Word for word, please copy the listing below, with its pictures left out.

**Supplied information**
......

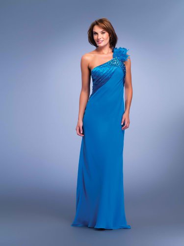 Free Shipping One Shoulder Blue Prom Dress with Feather Strap @ Amazon.com
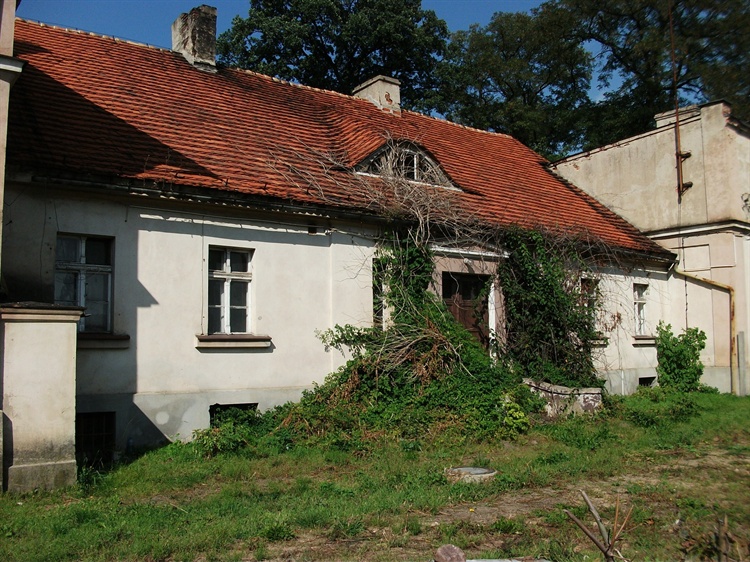 Parterowy budynek nakrywał stromy dach kryty dachówką z jednym oknem powiekowym mieszczącym się nad gankiem z wejściem głównym. Po kasacie zakonu przez władze pruskie majątek ziemski sprzedano prywatnym właścicielom. Z ich inicjatywy w drugiej ćwierci XIX wieku stary i niepozorny dworek został rozbudowany. Po bokach parterowej budowli dodano dwie piętrowe przybudówki.
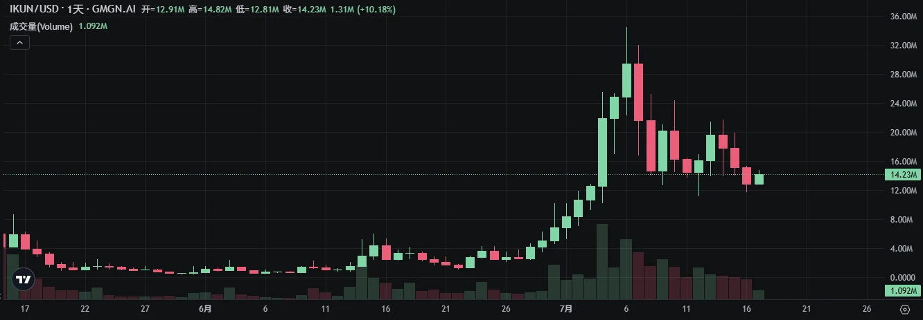 价格表现: 据 GMGN 数据 ,IKUN 市值自 6 月初触及 3500 万美元后持续下跌,目前市值为 1400 万美元。

......

**Answer for the task**
 Free Shipping One Shoulder Blue Prom Dress with Feather Strap @ Amazon.com
 Parterowy budynek nakrywał stromy dach kryty dachówką z jednym oknem powiekowym mieszczącym się nad gankiem z wejściem głównym. Po kasacie zakonu przez władze pruskie majątek ziemski sprzedano prywatnym właścicielom. Z ich inicjatywy w drugiej ćwierci XIX wieku stary i niepozorny dworek został rozbudowany. Po bokach parterowej budowli dodano dwie piętrowe przybudówki.
 价格表现: 据 GMGN 数据 ,IKUN 市值自 6 月初触及 3500 万美元后持续下跌,目前市值为 1400 万美元。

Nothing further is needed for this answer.